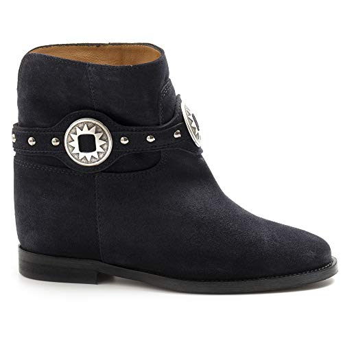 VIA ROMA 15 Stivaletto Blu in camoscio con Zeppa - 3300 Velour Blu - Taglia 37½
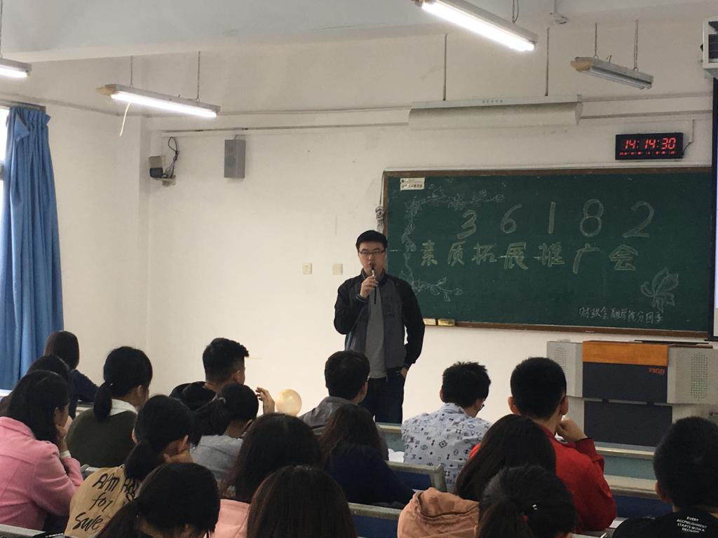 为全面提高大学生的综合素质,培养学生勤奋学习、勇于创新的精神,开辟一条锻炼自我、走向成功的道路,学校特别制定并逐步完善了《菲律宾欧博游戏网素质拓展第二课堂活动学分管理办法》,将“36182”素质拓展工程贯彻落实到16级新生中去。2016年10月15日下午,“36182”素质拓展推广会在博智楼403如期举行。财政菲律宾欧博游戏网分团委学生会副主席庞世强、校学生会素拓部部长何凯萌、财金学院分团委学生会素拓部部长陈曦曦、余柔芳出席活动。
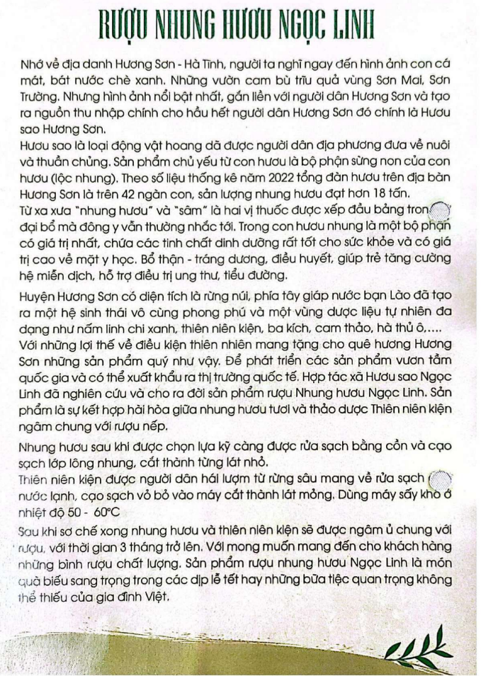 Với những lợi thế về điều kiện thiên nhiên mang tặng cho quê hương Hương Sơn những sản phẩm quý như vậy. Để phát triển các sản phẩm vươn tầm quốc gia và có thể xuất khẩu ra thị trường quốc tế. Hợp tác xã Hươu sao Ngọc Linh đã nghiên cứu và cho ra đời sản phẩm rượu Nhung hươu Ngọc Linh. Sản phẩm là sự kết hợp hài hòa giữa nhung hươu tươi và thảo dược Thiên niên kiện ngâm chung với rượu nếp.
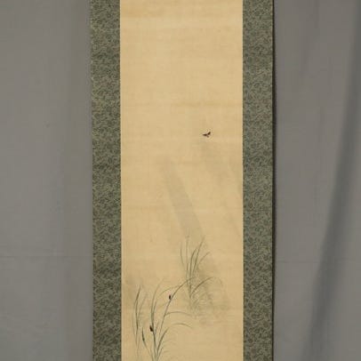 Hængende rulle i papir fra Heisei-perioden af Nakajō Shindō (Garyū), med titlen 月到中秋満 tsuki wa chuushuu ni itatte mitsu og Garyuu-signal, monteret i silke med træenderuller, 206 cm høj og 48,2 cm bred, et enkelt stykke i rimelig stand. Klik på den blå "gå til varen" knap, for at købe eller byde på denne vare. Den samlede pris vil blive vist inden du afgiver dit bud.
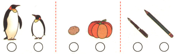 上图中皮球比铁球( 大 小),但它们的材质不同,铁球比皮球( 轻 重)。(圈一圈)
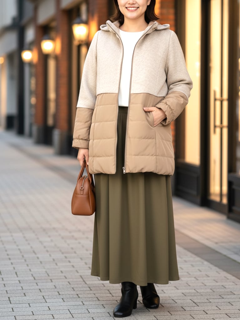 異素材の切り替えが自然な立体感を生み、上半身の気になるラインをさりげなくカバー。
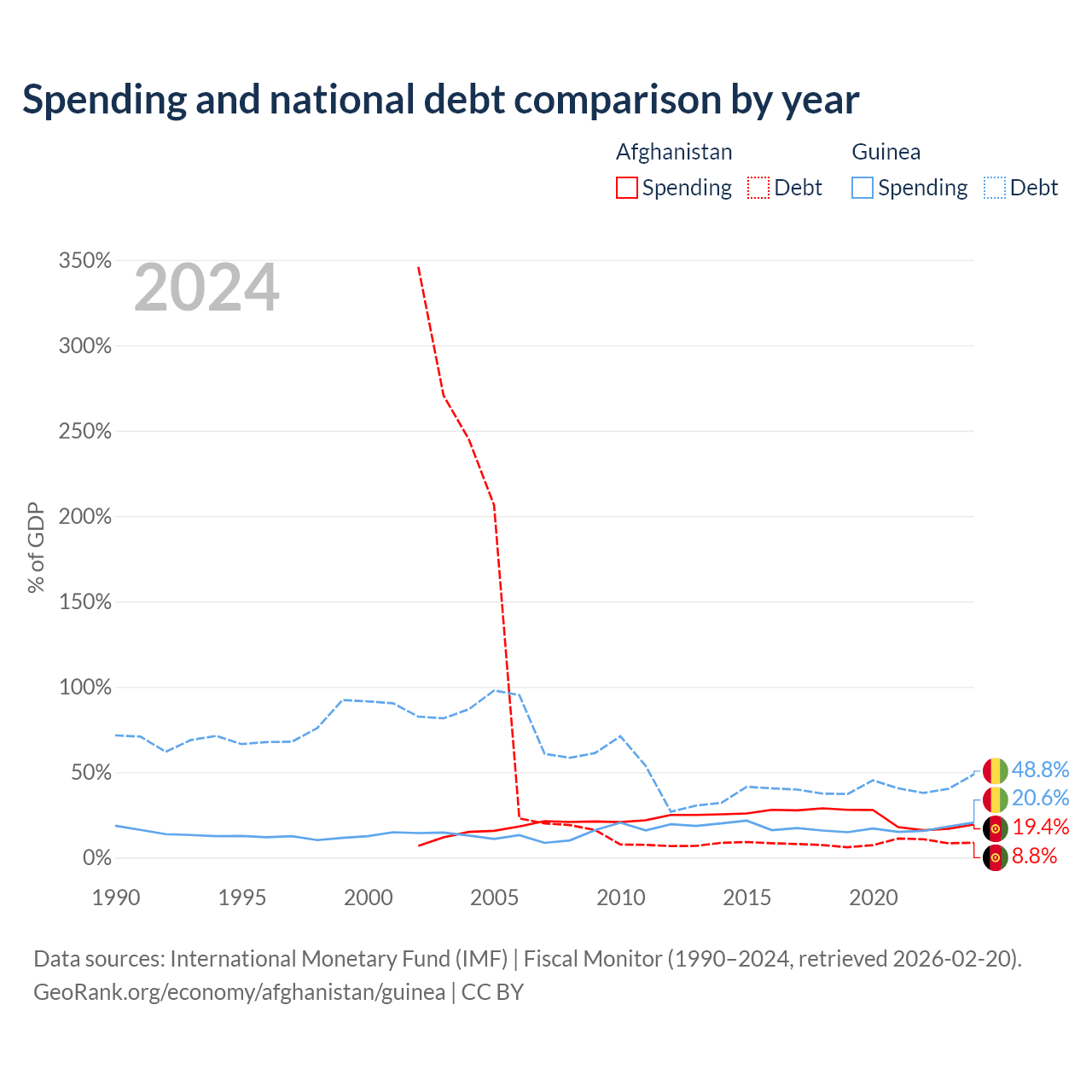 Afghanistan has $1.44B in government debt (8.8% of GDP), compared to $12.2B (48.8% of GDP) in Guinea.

####

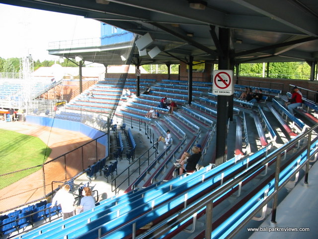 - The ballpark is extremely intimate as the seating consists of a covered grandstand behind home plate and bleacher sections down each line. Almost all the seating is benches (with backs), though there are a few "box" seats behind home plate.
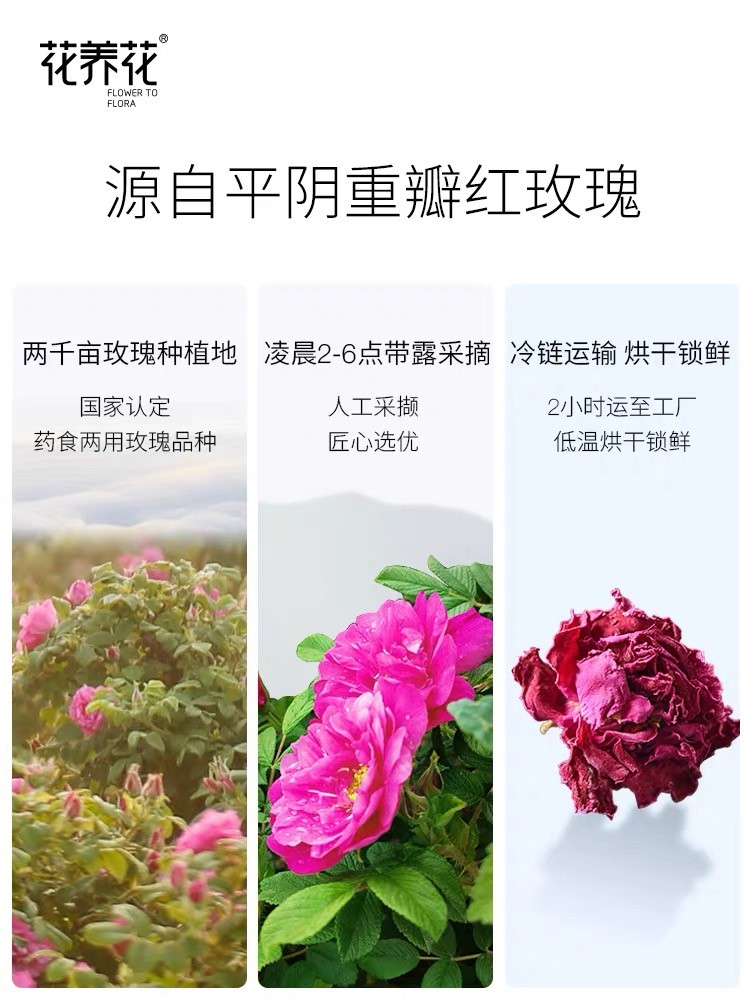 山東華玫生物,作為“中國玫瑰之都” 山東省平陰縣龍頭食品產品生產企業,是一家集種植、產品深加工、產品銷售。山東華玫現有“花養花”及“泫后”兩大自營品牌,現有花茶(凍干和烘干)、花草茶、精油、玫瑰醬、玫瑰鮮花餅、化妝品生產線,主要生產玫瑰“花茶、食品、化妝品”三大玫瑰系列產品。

####

**Action item:** Your answer must be the exact lines from the records above, from the one containing "上图中皮球比铁球( 大 小),但它们的材质不同,铁球比皮球( 轻 重)。(圈一圈)" through the one containing "Afghanistan has $1.44B", both included, with every picture left out.

**Finished exercise:**
 上图中皮球比铁球( 大 小),但它们的材质不同,铁球比皮球( 轻 重)。(圈一圈)
 異素材の切り替えが自然な立体感を生み、上半身の気になるラインをさりげなくカバー。
 Afghanistan has $1.44B in government debt (8.8% of GDP), compared to $12.2B (48.8% of GDP) in Guinea.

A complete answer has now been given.